The same goes for Marxist attempts to justify Marxist-Leninist socio-economic theory as science, and - in the esoteric field, statements by Steiner and the Theosophist Leadbeater, that what they are saying is science, or the occultist Aleister Crowley's assertion that one day scientists will be able to replicate in the laboratory what he can only achieve through ritualistic means. More recently in the field of the New Age there are many teachings and worldviews that consider themselves scientific, or more often in harmony with science, especially with quantum physics. This New Age concept of the complementarity between science and mysticism[31] goes back to Fritjof Capra's famous book The Tao of Physics. An earlier, more lucid, Wilber correctly criticised Capra and the New Age on this[32], although ironically with his current "post-metaphysical" thought (see sect.1-v) he has fallen into exactly the same scientism-based holistic worldview that befell Capra.
All of these attempts to appropriate science are based on a misunderstanding of what science is about, how science works, and what science can do. I will state outright here that science, real science, should be the foundation and bedrock on which any integral paradigm or metaparadigm is built. But science, and scientific method, is not only a central element to any integral understanding of reality, and also that aspect of any integral synthesis that is the most misunderstood. Science itself is in no way the same as integral thought and integral practice, even if it is neveretheless an essential element.

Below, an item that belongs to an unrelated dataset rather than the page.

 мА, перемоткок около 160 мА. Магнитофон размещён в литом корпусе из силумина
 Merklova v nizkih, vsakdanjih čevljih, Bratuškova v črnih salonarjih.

The most important thing to understand is this: science makes no statement either for or against metaphysical realities. Science is not a religious or philosophical statement as to the nature of things, but a form of empirical methodology which enables the progressive accumulation of facts regarding the material universe, and the discarding of hypotheses that are refuted or falsified by newer facts. Although the various hypotheses, theories, and theorems that constitute science's understanding of the world, are being constantly refined, developed, and replaced with new theories and theorems and methodologies (this being what historian of science Thomas Kuhn referred to as "paradigm shifts"), there is never a final explanation, never a dogmatic statement, and never a claim made regarding things that are beyond the scope of science's methodology. It is this precision, and this self-limitation and modesty, that distinguishes science from pseudoscience, from scientism (which the belief that the current findings of science constitute an actual description of how things are), and from religion.

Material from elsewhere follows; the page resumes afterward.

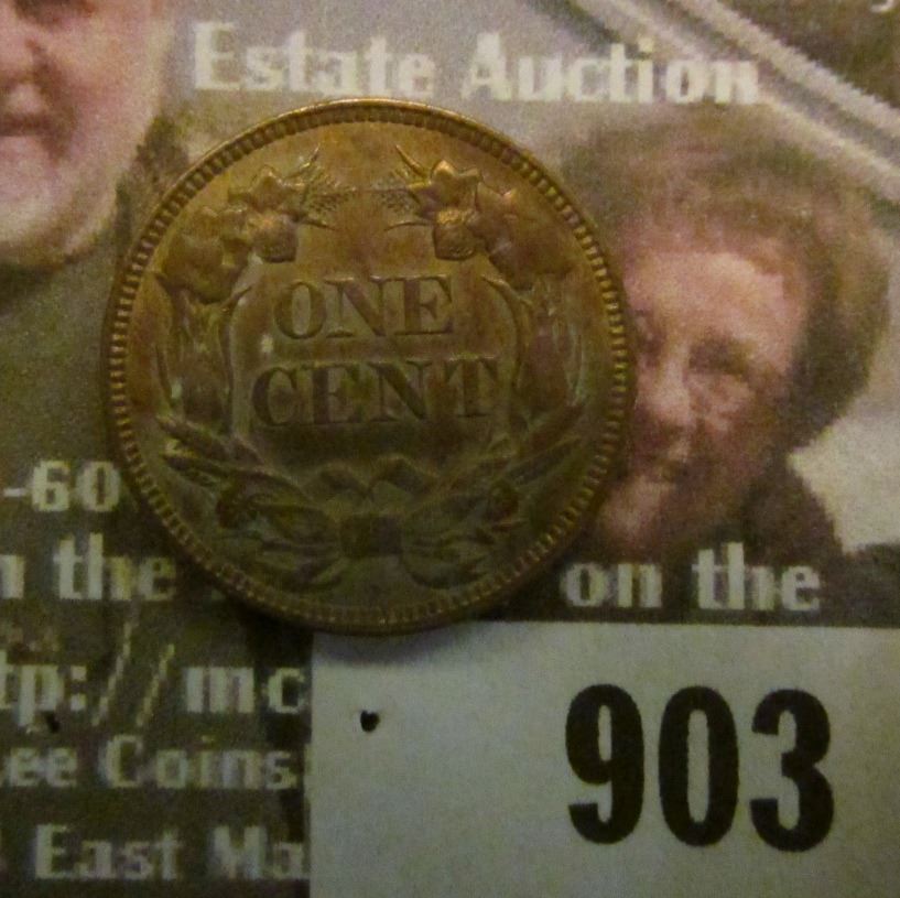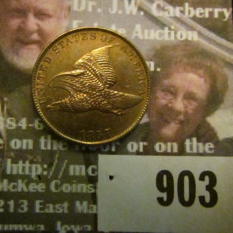 903 _ 1857 U.S. Flying Eagle Cent, AU with obverse scratches.

In short - science is a methodology, and a body of facts and hypotheses gathered through that methodology. It is not a philosophical statement about the nature of reality. The misunderstanding of actual science is so widespread that I tend to think now that perhaps it is easier for someone to be an esotericist that to understand science (as opposed to scientism). Scientism, physicalism, scepticism, atheism, materialism, naturalism - all of those philosophies and beliefs claim to be scientific, but they are just secular religions that have misinterpreted science.
The problem comes about, then, when esoteric, New Age, and integral thinkers attempt to use science, without understanding how science works. I contend that one reason the new age movement, and people like Wilber, are in a mess as far as their theoretical explanations go, is because they simply don't understand science, and instead adopt the religious belief of scientism. The same could said about such a seminal worker as William Reich, whose experiments were criticised by Einstein. This is not to say that things like Orgone are not real, only that they are not real on the material-physical level that science works.